A little over a year ago, I noted the forthcoming publication of two new volumes (both of which I copyedited) in the Works of James Agee series by the University of Tennessee Press. I'm happy to announce that one of those, The African Queen and The Night of the Hunter: First and Final Screenplays, has just become available. One could call it a heavy tome in both the literal and figurative senses. It comes in at more than 900 pages and lists for $90. Loaded with annotations and supplementary materials (including variant scenes, correspondence, and Agee's notes), it features the first-draft screenplays and shooting scripts for both movies. The editing of Prof. Jeffrey Couchman (College of Staten Island) represents film scholarship at its best. If you're a serious cinephile interested in Hollywood history and the complex, collaborative processes through which words on a page become images on the screen, the book is one I can't recommend highly enough. Click here for more information.

Due out later this spring is the definitive edition of Agee's film criticism, edited by Prof. Charles Maland (University of Tennessee). It's a superb work as well, presenting a panoramic view of 1940s cinema through the eyes of one of the first film critics to command respectful attention. And this volume will be the first to include all of Agee's unsigned reviews for Time.
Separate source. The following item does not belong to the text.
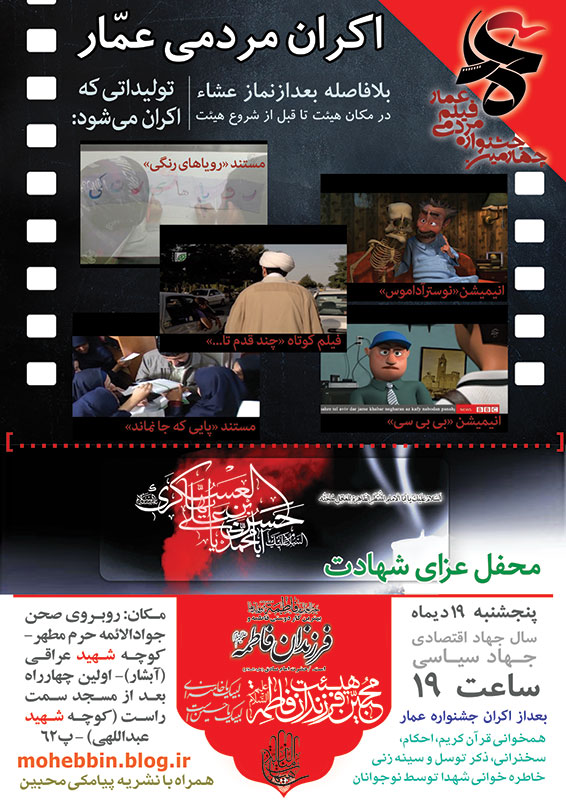 این خیلی خوبه که نوای لبیک به "أینَ عمّار" رهبر، در سراسر کشور به گوش میرسه....! هر کس به وسع خودش...! هیات ما هم به اندازه خودش در این حرکت سهیم است! یک "أین عمّار" او با قلب ها چکار کرد؟؟؟ حکم جهاد دهد چه میشود.....!؟؟؟؟؟ یابن العسگری شاهد باش که اگر مرید این سید هستیم، به عشق توست!

To be sure, my involvement with these two books makes me biased. But that doesn't make my praise here any less sincere.

Monday, February 27, 2017

The Great Oscars Screw-Up . . . My (Conspiracy) Theory

I think Trump did it.

I believe that the tangerine Twitter tot, knowing he would get a lot of dissing at the Oscars ceremony, had one of his minions (probably someone who knew Steve Bannon from his Hollywood days) mix up the envelopes that led to La La Land being mistakenly announced as the Best Picture winner instead of Moonlight. That way, the headlines would all be about the epic flub that ended the show, not all the digs that our so-called president received over the course of the evening. I also suspect that Steve Harvey, who made a similar flub at the Miss Universe pageant (once owned by Trump, BTW!), came up with the idea and passed it along during his visit to Trump Tower a while back. See, it all makes sense.

You heard it here first, and that's all I'll say about the Oscars this year.